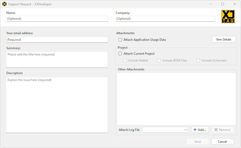 Attaching a project is done by checking the Attach Current Project checkbox, (this may say Attach XJPack File in apps where you only have an XJPack file to attach). The Include Netlist checkbox is tied to the Project checkbox, as this is required to send us a project. The Include BOM Files and Include Schematic are optional fields.
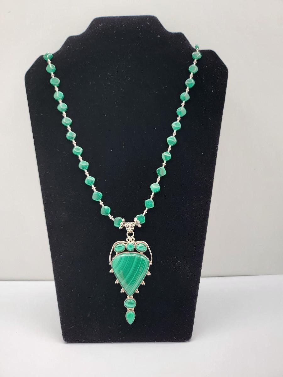 Artisan 925 Malachite Stone Necklace 60.4gr $500 Value
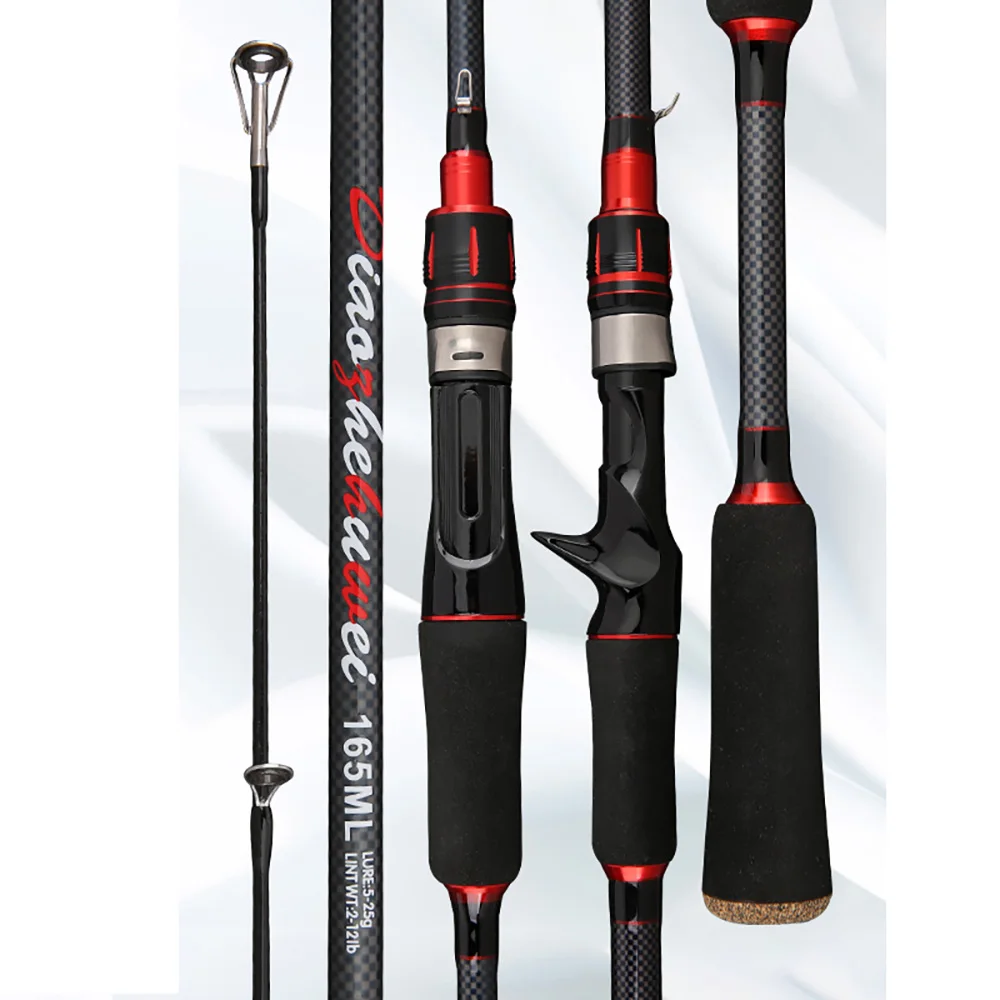 Caña de pescar giratoria de carbono con señuelo, 1,65 m, 1,8 m, guía de cerámica, para viaje, 5-25g, ML
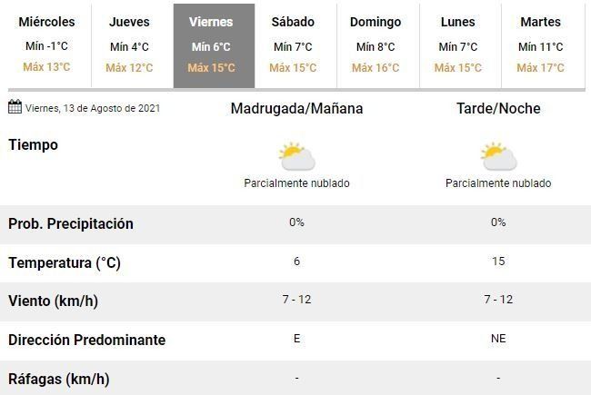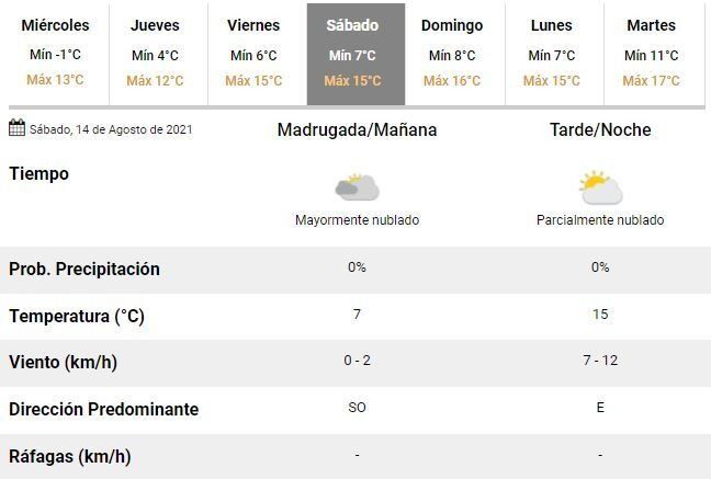 Todo será la antesala de un buen fin de semana. Aunque con temperaturas más bien frescas, los expertos anticipan dos días de descanso con buen clima y escasa nubosidad, enmarcados en mínimas de 7 y 8°C y máximas de 15 y 16°C durante el sábado y el domingo próximos, respectivamente.

Exercise brief -
The whole listing is to be retyped exactly, with its pictures removed.

Response -
 Attaching a project is done by checking the Attach Current Project checkbox, (this may say Attach XJPack File in apps where you only have an XJPack file to attach). The Include Netlist checkbox is tied to the Project checkbox, as this is required to send us a project. The Include BOM Files and Include Schematic are optional fields.
 Artisan 925 Malachite Stone Necklace 60.4gr $500 Value
 Caña de pescar giratoria de carbono con señuelo, 1,65 m, 1,8 m, guía de cerámica, para viaje, 5-25g, ML
 Todo será la antesala de un buen fin de semana. Aunque con temperaturas más bien frescas, los expertos anticipan dos días de descanso con buen clima y escasa nubosidad, enmarcados en mínimas de 7 y 8°C y máximas de 15 y 16°C durante el sábado y el domingo próximos, respectivamente.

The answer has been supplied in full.